The next landmark was the Schindler Factory Museum in Krakow.  Schindler, a righteous Gentile, was responsible for saving 1200 Jews from extermination camps.  This claustrophobic museum was a far more personal look at the Holocaust.  Our Polish guide was filled with passion as she narrated the story of the Nazis taking over Poland in just over one month’s time with the Nazis attacking from the West and the Soviet forces from the East.  She recounted how healthy Polish men were sent to Germany to be workers and the stripping away of the rights of the Jews.  At the end of the factory tour we walked along a dark hall.  The flooring was a cushion that was unstable.  In front of us, flashed photographs of Jewish children who had died.  We emerged in a white chapel like room – this was the “Hall of Choices”  which presented the ethical dilemmas that occurred and quotes of choices from the war’s survivors.  The guide emphasized that people had choices and some made courageous one; some did not.

It is estimated that 3.5 million Jews lived in Poland in 1939. Only one tenth survived the war. It is not unusual in Poland that a Catholic grandparent on his deathbed confesses to his/her grandchild that he/she had a Jewish parent.  Many of these young Poles are dealing with their newfound Jewish roots by wanting to know more. They have found a home in Beit Varshava in Warsaw and the Krakow JCC.  Both institutions reach out and embrace anyone with interest in Judaism.  The lay cantor at Beit Varshava used a term that I began to hear several times in Poland when I asked her how her friends responded to her conversion.  She referred to her friends as “philo-Semites.”  The University in Krakow has a Jewish Studies Department.  Lay cantors are going out to smaller communities to provide services.  We had a chance to talk to the congregants of Beit Varshava and to hear from the Krakow JCC Director, Jonathan Ornstein, who all emphasized that there is a renewal of Jewish life in Poland.

Visiting Auschwitz and Birkenau on the day of the March of the Living was filled with paradox.  The tragic cries of these horrible camps were drowned out by the joy and singing of 10,000 people coming together (90%, I estimate, were Jewish kids 18 and under).  Before the march, we were able to tour Auschwitz with a Polish guide.  It was clear that his job as a guide was a sacred calling for him.  As he observed disrespectful behavior of an adult, he said, “Everyone should come here, but not everyone deserves to come here.”  In the end he gathered us together, as I imagine he does with Polish school groups, and said “Hitler didn’t begin with crematoriums.  He began with words.” And cautioned us to be wary of ideology. 
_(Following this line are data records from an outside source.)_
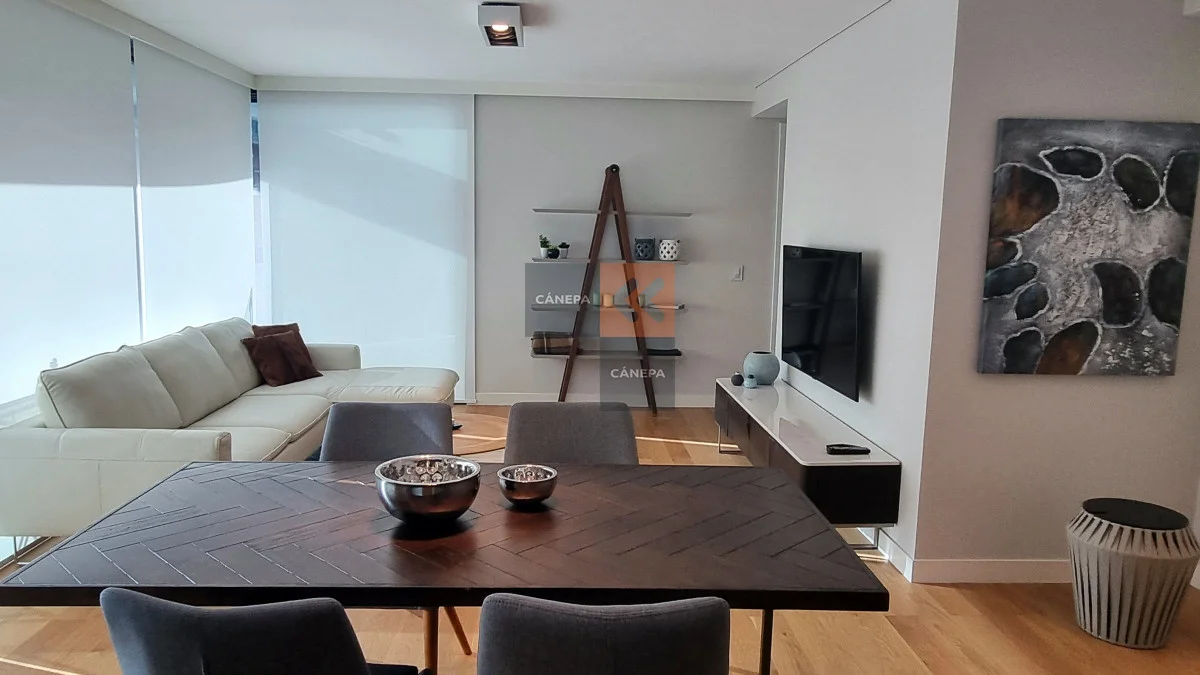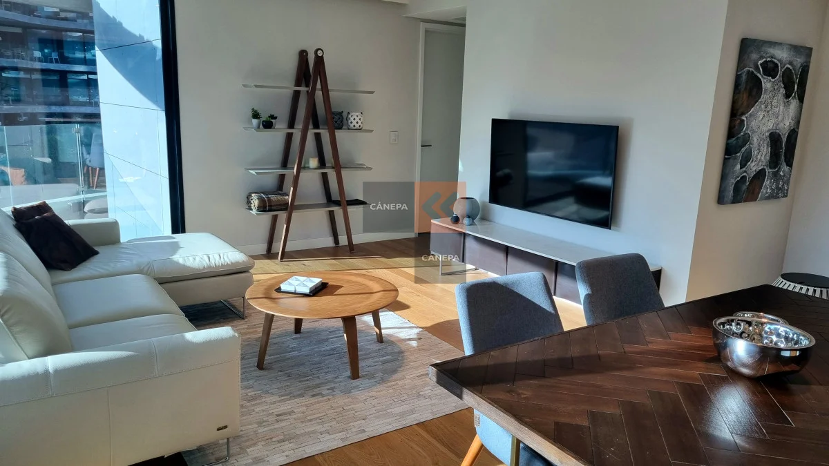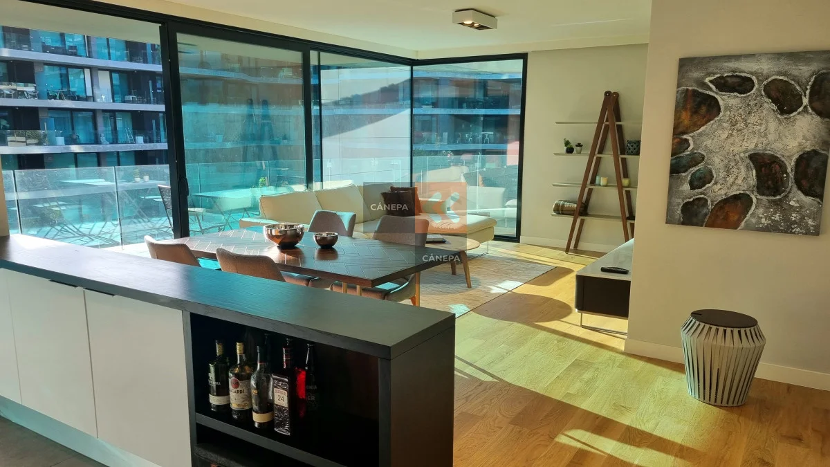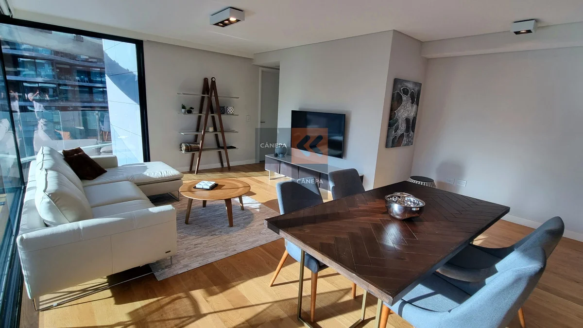 Amplio living con ventanales de piso a techo, doble vidrio y salida a terraza
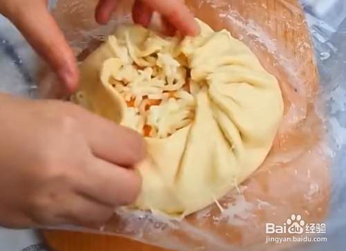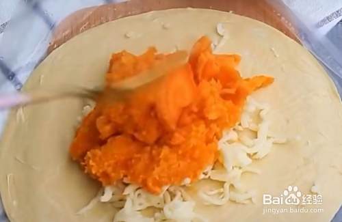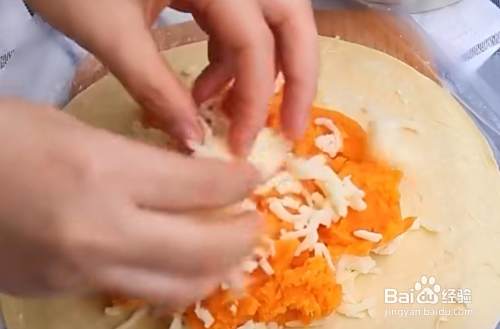 先取一张手抓饼,先撒一些马苏里拉芝士,再铺上三勺红薯泥,再撒如一些马苏里拉芝士,最后像包包子一样包好。其余两个也这样做
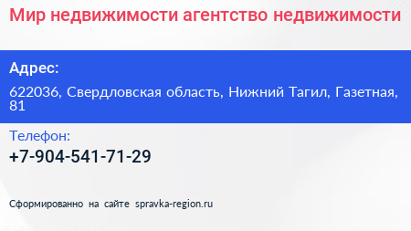 Мир недвижимости, агентство недвижимости по адресу 622036, Свердловская область, Нижний Тагил, Газетная, 81 в дальнейшем Организация, размещена в следующих категориях:
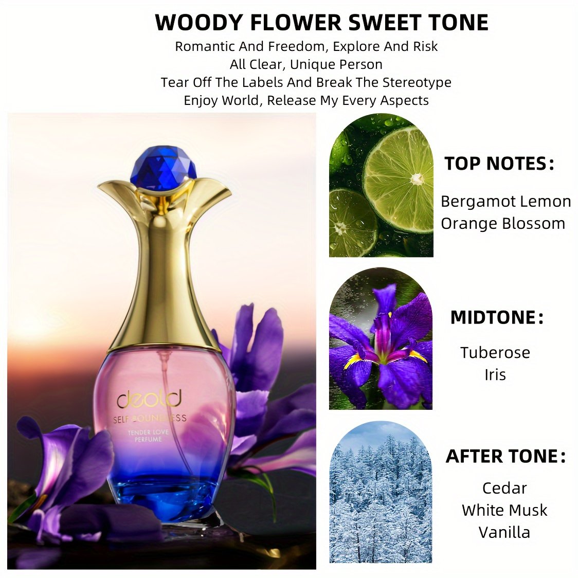 - ניחוחות קסומים: שילוב ייחודי של עצים חמים ופרחים ריחניים מעניק לך ריח מרענן ומושך השובה את החושים ומוסיף מגע של נשיות אלגנטית.

Renewal was a theme among the Polish Jews we met, many of whom were converts.  Certainly one couldn’t participate in March of Living walk from Auschwitz to Birkenau without a sense of awe that Hebrew songs were being sung, that there is a vital memory, and Jewish culture has survived.  Harry and I had complained about the sky blue jackets we had received as part of our participation in the March.  These were like swim team jackets emblazoned with an Agam-designed star and the words “March of the Living.”  Why did we need to wear a uniform?  As we walked, I was drawn to the many teens without jackets.  These were the Polish high school students who chose to participate.  I talked to a few, interested in why they were doing it.  “It’s fantastic.”  “We support this.”  They were thrilled when we offered them our jackets.  I must admit that I was distracted from the horrors of the huge Birkenau death camp by the Yom HaShoah memorial ceremony that was taking place.  But perhaps this is the point.  “Sparks amidst the ashes.”

I never thought I could walk through a concentration camp.  Yet, how could I not?  Particles of human ashes were in the ground we walked on, the air around us.  They hovered.  Our Berlin guide, Jeremy Minsberg, told us that a Polish man brings seedlings from Auschwitz to plant around Berlin.  I thought about the ashes in the ground that nourish the roots and how powerful that act of replanting the tree is.  Perhaps each of us is a replanted tree.

Now as I reach up to touch my necklace and feel my hamsa or when I look in the mirror and see the charm, I am reminded to never forget. This impels me to live my life more fully. I feel more whole and rooted in my life and my history thanks to this trip.